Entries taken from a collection
____________________
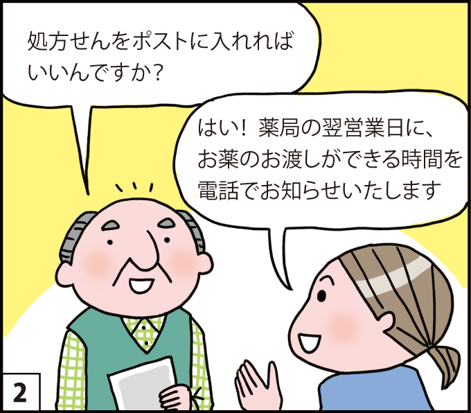 お薬のお渡しには、直接ご来店もしくはオンラインにて、服薬指導をお受けいただく必要がございます。
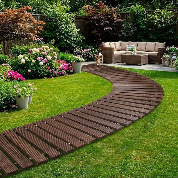 11.5 ft. Roll-Out Wooden Garden Pathway, Weather-Resistant and Non-Slip Patio Path, Brown
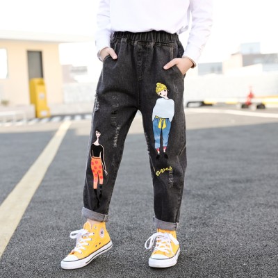 Cartoon Jeans for Girls Teenage Children Jeans Elastic Waist Denim Pants Kids Trousers for Girls Kids Clothes 4-13T
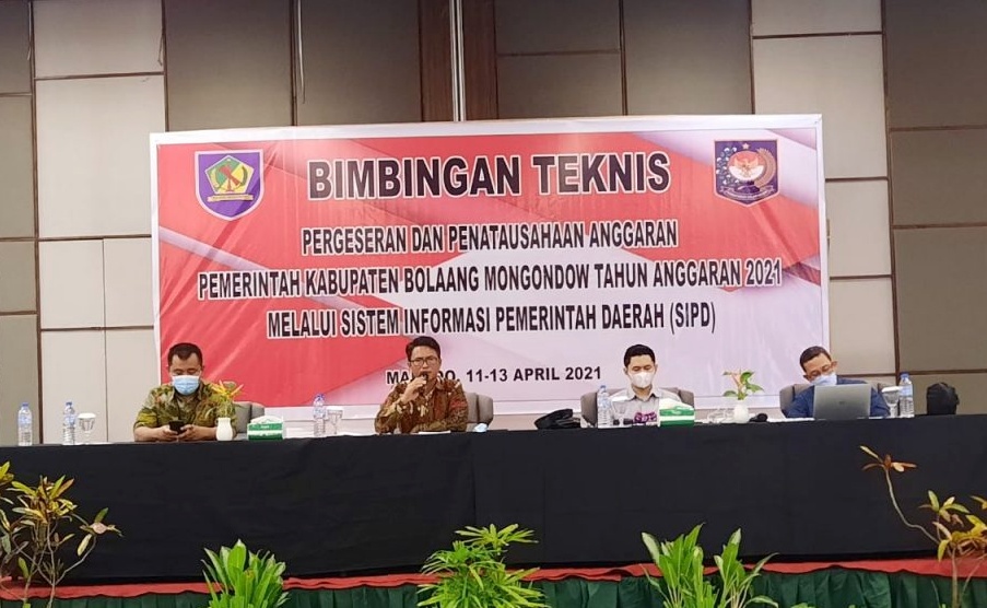BOLMOMG – Pemerintah Kabupaten Bolaang Mongondow (Bolmong) menggelar bimbingan teknis (Bimtek) pergeseran dan penatausahaan anggaran 2021 Pemkab Bolmong melalui sistem Iinformasih pemerintah daerah (SIPD), Senin (12/4). Sebanyak 126 peserta yang terdiri dari Sekretaris Dinas/Badan, Kasubag Program dan bendahara di masing-masing organisasi perangkat daerah (OPD) di lingkup Pemkab Bolmong, mengikuti kegiatan yang berlangsung di Mercure Hotel, Tateli.
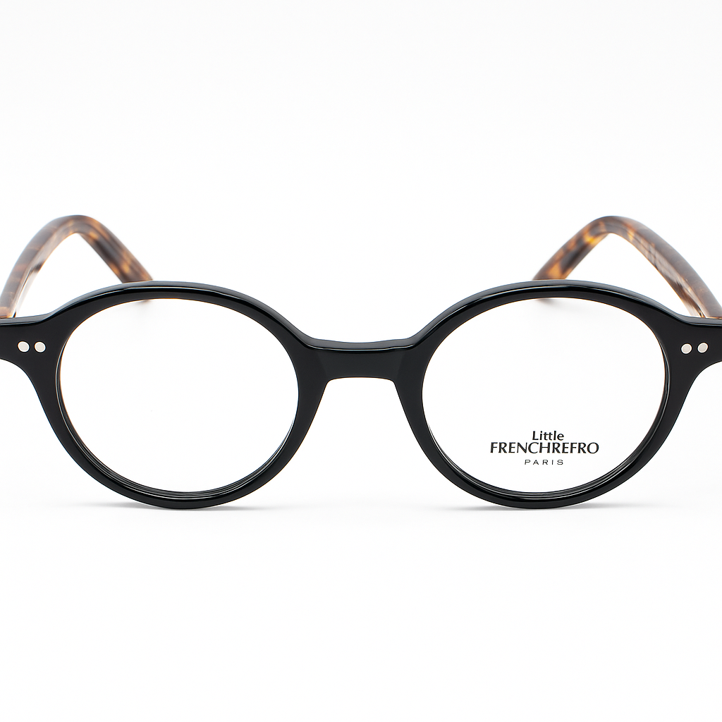 Little French Retro Carla G58 : monture enfant ronde en acétate noir et écaille. Des lunettes solides, élégantes et confortables.
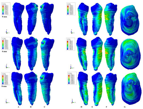 A total of 0.6 N of translation. Comparative shear stress display between the tooth structure in (A) lingual, (B) distal–vestibular, and (C) mesial–lingual view, and the dentine component in (D) lingual, (E) distal–vestibular, (F) mesial–lingual, and (G) apical view.
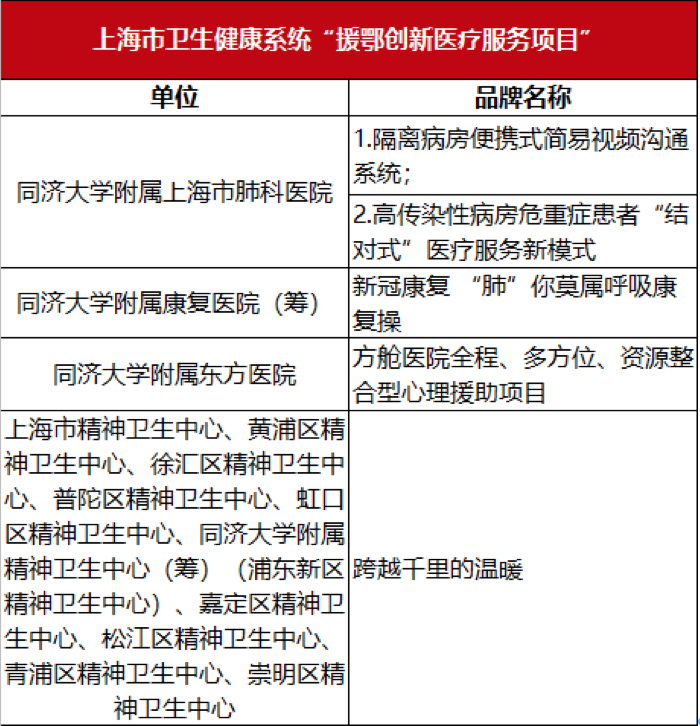 为进一步弘扬伟大抗疫精神,充分展示上海援鄂医务人员尽心尽力、主动作为、因地制宜、勇于创新的抗疫成果,上海市卫生健康系统文明办在全国首创“援鄂医疗创新服务项目”推选活动。主要包括降低医护人员感染风险的改造发明、减少压疮和改善创面护理的系列妙招、基于信息技术的后方支持、富有中医元素的特色诊疗、彰显人文关怀的心理援助、方便医护和患者的细节服务等。
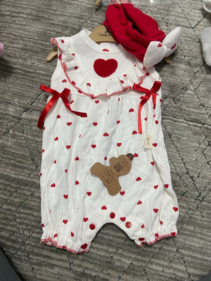Nakışlı kırmızı kalpler ve dantel detayları olan, yumuşak kumaştan yapılmış beyaz bebek kız tulumu. Kırmızı kurdele süslemeleri ve uyumlu kırmızı saç bandı içerir. ❤️
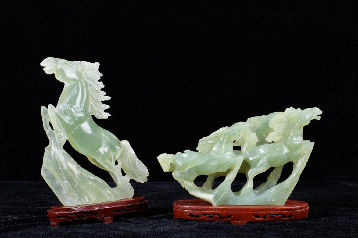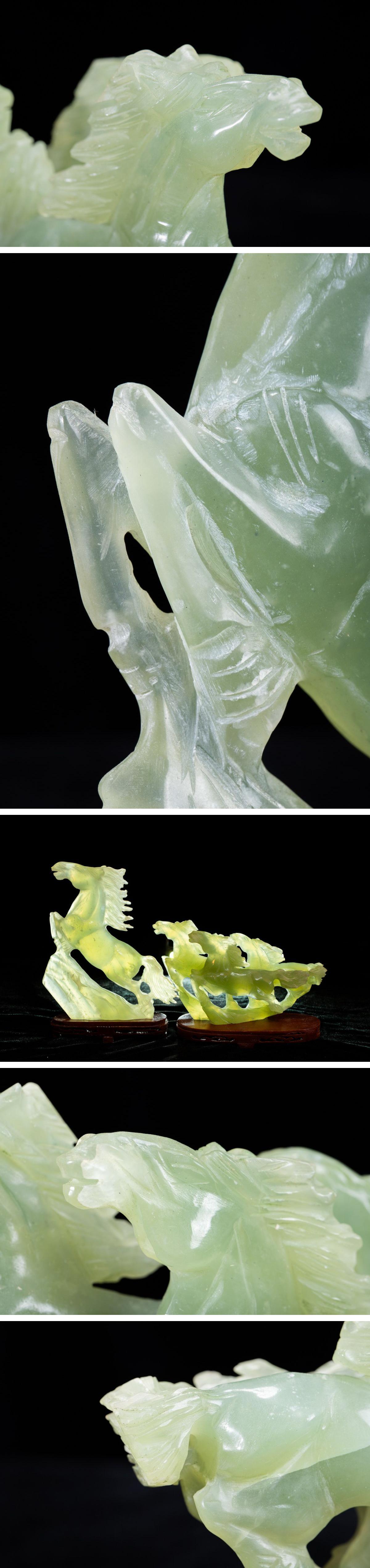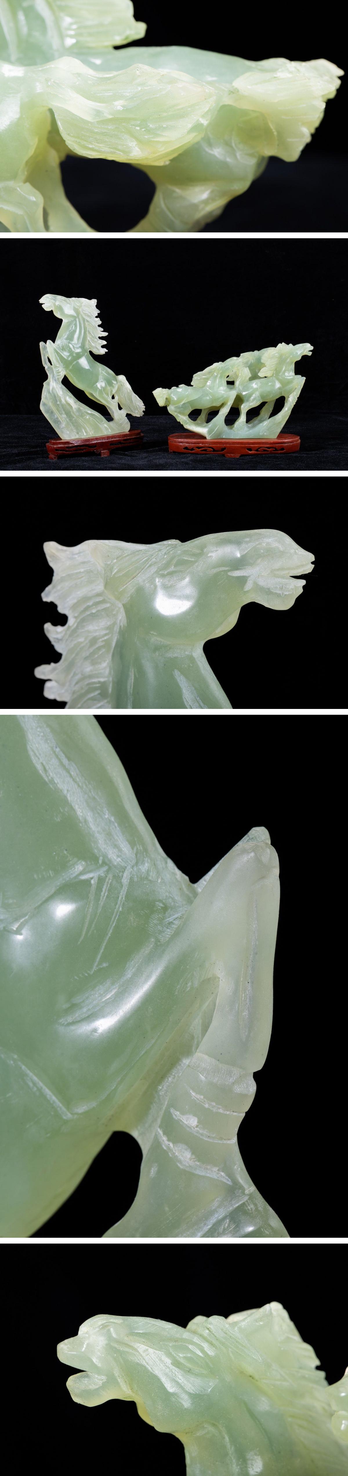 - 【珍品堂】1円から N17-V4 天然石 玉石 馬 細密細工 極上 2体 台付 縁起物 鑑賞品 コレクション 開運 時代物 工芸品 骨董品 古美術 希少
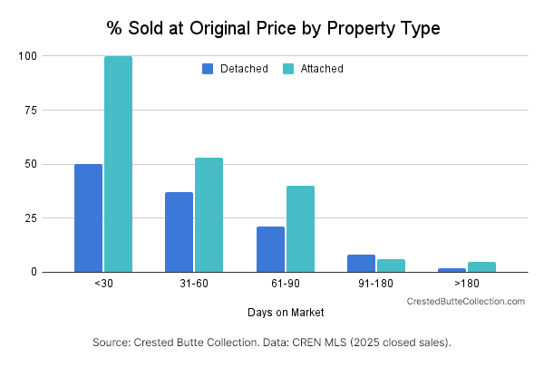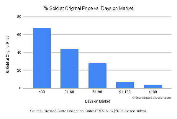 In Crested Butte, not a single single-family home on the market over 90 days sold for original price. Zero out of 30 properties.
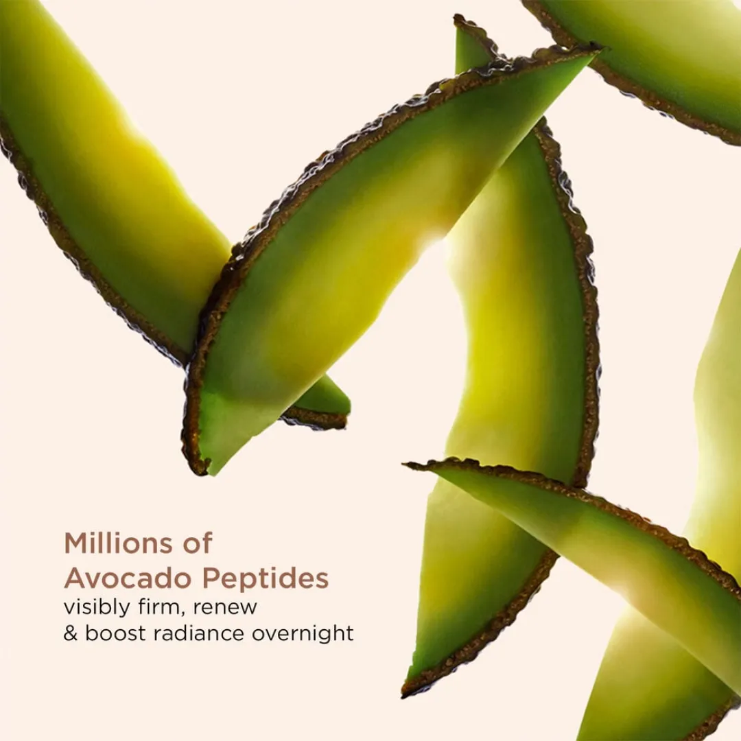 Розроблений для боротьби з видимими ознаками руйнування колагену, які починаються в середині 20-х років, Extra-Firming Night містить НОВУ технологію [Collagen]³ — потужну суміш колагенового поліпептиду, створеного за допомогою біотехнологій, екстрактів пеканового дерева та органічного мітракарпуса — інгредієнтів, які підтримують колаген шкіри, роблячи її помітно більш пружною. Ніацинамід вирівнює тон шкіри та сприяє більш світлому, рівномірному кольору обличчя, а мільйони пептидів авокадо в кожній баночці оптимізують нічне відновлення, роблячи шкіру більш пружною, еластичною та сяючою після пробудження.
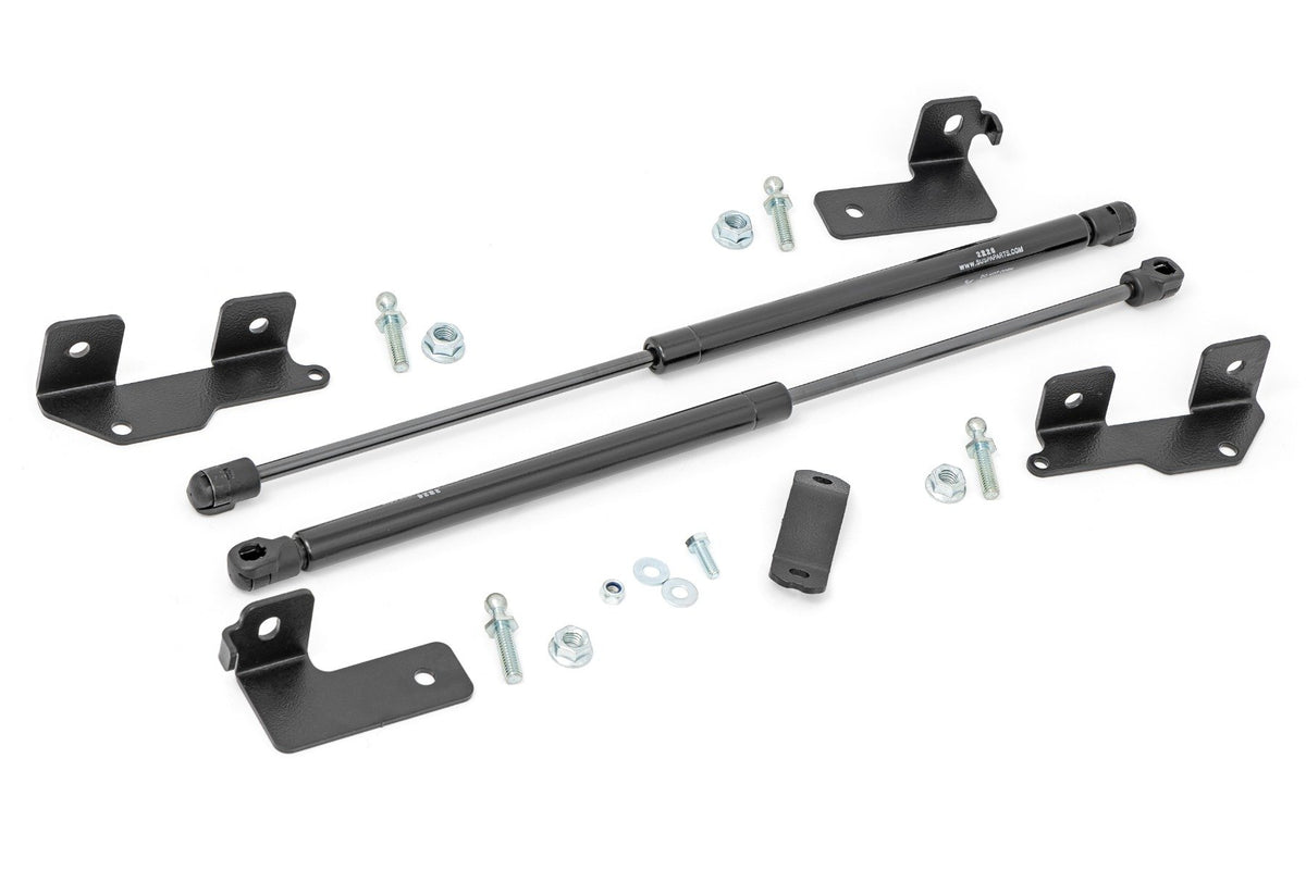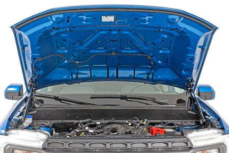 Must-Have Hood Upgrade. Easily and effortlessly access your engine components with this handy device. Rough Country's Hydraulic Hood Assist for Ford Maverick features a set of gas-charged struts that help automatically raise the hood, increasing safety by avoiding the need to mess with the prop rod or rest the hood on the front windshield. This innovative kit features mounting brackets that rest firmly in the center of the hood, helping to facilitate the opening and closing process while giving a killer look to an otherwise barren area.\ Installation.?áFeaturing a 100% bolt-on installation, installing this Hood Assist couldn't be easier. With an estimated timeframe of 30 minutes this full kit can be installed at home using standard tools and can be completed efficiently and quickly!\ Limited Lifetime Replacement Warranty. Rough Country's Hydraulic Hood Assist is backed with a limited lifetime replacement warranty towards manufacturer defects. As such, the product is protected from structural and workmanship damage after the date of purchase. With our industry-leading warranty give yourself peace of mind when using Rough Country's Suspension products!
____________________
--- WHAT NEEDS TO BE DONE ---
Print, exactly as written, the lines above from the first one to the one containing "A total of 0.6". Leave out pictures.

--- WORKED SOLUTION ---
 お薬のお渡しには、直接ご来店もしくはオンラインにて、服薬指導をお受けいただく必要がございます。
 11.5 ft. Roll-Out Wooden Garden Pathway, Weather-Resistant and Non-Slip Patio Path, Brown
 Cartoon Jeans for Girls Teenage Children Jeans Elastic Waist Denim Pants Kids Trousers for Girls Kids Clothes 4-13T
BOLMOMG – Pemerintah Kabupaten Bolaang Mongondow (Bolmong) menggelar bimbingan teknis (Bimtek) pergeseran dan penatausahaan anggaran 2021 Pemkab Bolmong melalui sistem Iinformasih pemerintah daerah (SIPD), Senin (12/4). Sebanyak 126 peserta yang terdiri dari Sekretaris Dinas/Badan, Kasubag Program dan bendahara di masing-masing organisasi perangkat daerah (OPD) di lingkup Pemkab Bolmong, mengikuti kegiatan yang berlangsung di Mercure Hotel, Tateli.
 Little French Retro Carla G58 : monture enfant ronde en acétate noir et écaille. Des lunettes solides, élégantes et confortables.
 A total of 0.6 N of translation. Comparative shear stress display between the tooth structure in (A) lingual, (B) distal–vestibular, and (C) mesial–lingual view, and the dentine component in (D) lingual, (E) distal–vestibular, (F) mesial–lingual, and (G) apical view.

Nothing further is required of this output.